Train a network with one hidden layer and compare different optimizers.

1. Use one hidden layer with 64 units and the 'relu' activation. Use the [summary method](https://keras.io/models/about-keras-models/) to inspect your model.
2. Fit the model for 50 epochs with different learning rates of stochastic gradient descent and answer the question below.
3. Replace the stochastic gradient descent optimizer with the [Adam optimizer](https://keras.io/optimizers/#adam).
4. Plot the learning curves of SGD with a reasonable learning rate together with the learning curves of Adam in the same figure. Take care of a reasonable labeling of the curves in the plot.

### Solution

In [None]:
####################################################################################################
# Question 2 : Fit model with different Learning Rate
####################################################################################################

### Learning Rate ###
l_r=[0.001,0.01,0.05,0.1,0.5,1]

####################################################################################################
# Simulation for the different learning rate
####################################################################################################
for i in range (len(l_r)):
    model_1 = Sequential()
    model_1.add(Dense(64, activation='relu', input_shape=x_train.shape[1:]))
    model_1.add(Dense(5, activation='softmax'))

    # Inspect the model #
    model_1.summary()

    model_1.compile(loss='categorical_crossentropy',
              optimizer=keras.optimizers.SGD(lr=l_r[i]),
              metrics=['accuracy'])

    history_1 = model_1.fit(x_train, y_train,
                        batch_size=128,
                        epochs=50,
                        verbose=0,
                        validation_data=(x_test, y_test))

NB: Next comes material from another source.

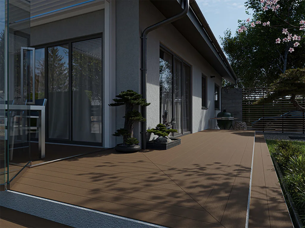Bei coextrudierten Terrassendielen wird der WPC-Kern komplett mit Kunststoff ummantelt. Dadurch wird die Beständigkeit gegen Feuchtigkeit, Schimmel und Insekten noch erhöht. Gleichzeitig sorgt das Verfahren dafür, dass die äußere Schicht länger schön bleibt.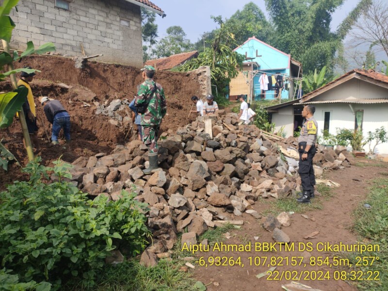 Cimanggung mitrapolisitv.com Sumedang. Bhabinkamtibmas Desa Cikahuripan Polsek Cimnggung Polres Sumedang Polda Jabar AIPTU AHMAD SUBEKTI bersama Babinsa Serka Dedi Firmansyah melaksanakan kegiatan Pengecekan TPT rumah warga yang longsor akibat hujan deras milik sadar Usup dsn Cibenda RT 01/04 desa Cikahuripan Kecamatan Cimnggung Kabupaten Sumedang. Kamis (22/02/2024).

    score = model_1.evaluate(x_test, y_test, verbose=0)

    # plot #
    print('Test loss:', score[0])
    print('Test accuracy:', score[1])
    plot_history(history_1, 'SGD (l_r={0}) : Learning Curve and Accuracy'.format(l_r[i]))
    plt.show()

**Question**: What happens if the learning rate of SGD is A) very large B) very small? Please answer A) and B) with one full sentence (double click this markdown cell to edit).

**Answer**:

A) Very Large : The validation curve is sensitive to a noise. In fact with a huge learning rate, the set of validation data is not enough big to allow the validation curve to escape the noise. Moreover, we can see a difference in validation and training which is normal (we want to see that). Large learning rate will create an oscillation for the loss function around the minimum.  It is really not optimal because due to this large learning rate, the convergence will not be found. On the contrary, it can create a divergence. 

B) Very small : We can see that there are no difference between training and validation curve. In fact, with 50 epochs and a little learning rate, the model has not the time to learn well. The learning rate is small and thus as the changes between epochs will be too small, it will converge very slowly. We will need a huge number of epochs to converge to the best values and thus this is not optimal.


In [None]:
####################################################################################################
# SGD for the graph with lr=0.05 : Question 4
####################################################################################################
model_sgd = Sequential()
model_sgd.add(Dense(64, activation='relu', input_shape=x_train.shape[1:]))
model_sgd.add(Dense(5, activation='softmax'))

model_sgd.summary()

model_sgd.compile(loss='categorical_crossentropy',
          optimizer=keras.optimizers.SGD(lr=0.05),
          metrics=['accuracy'])

history_sgd = model_sgd.fit(x_train, y_train,
                    batch_size=128,
                    epochs=50,
                    verbose=0,
                    validation_data=(x_test, y_test))

score = model_sgd.evaluate(x_test, y_test, verbose=0)

print('Test loss:', score[0])
print('Test accuracy:', score[1])
plot_history(history_sgd, 'SGD l_r= 0.05 : Learning Curve and Accuracy')

In [None]:
####################################################################################################
# ADAM OPTIMIZER Question 3 
####################################################################################################
model_adam = Sequential()
model_adam.add(Dense(64, activation='relu', input_shape=x_train.shape[1:]))
model_adam.add(Dense(5, activation='softmax'))

model_adam.summary()

model_adam.compile(loss='categorical_crossentropy',
          optimizer='adam',
          metrics=['accuracy'])

history_adam = model_adam.fit(x_train, y_train,
                    batch_size=128,
                    epochs=50,
                    verbose=0,
                    validation_data=(x_test, y_test))

score = model_adam.evaluate(x_test, y_test, verbose=0)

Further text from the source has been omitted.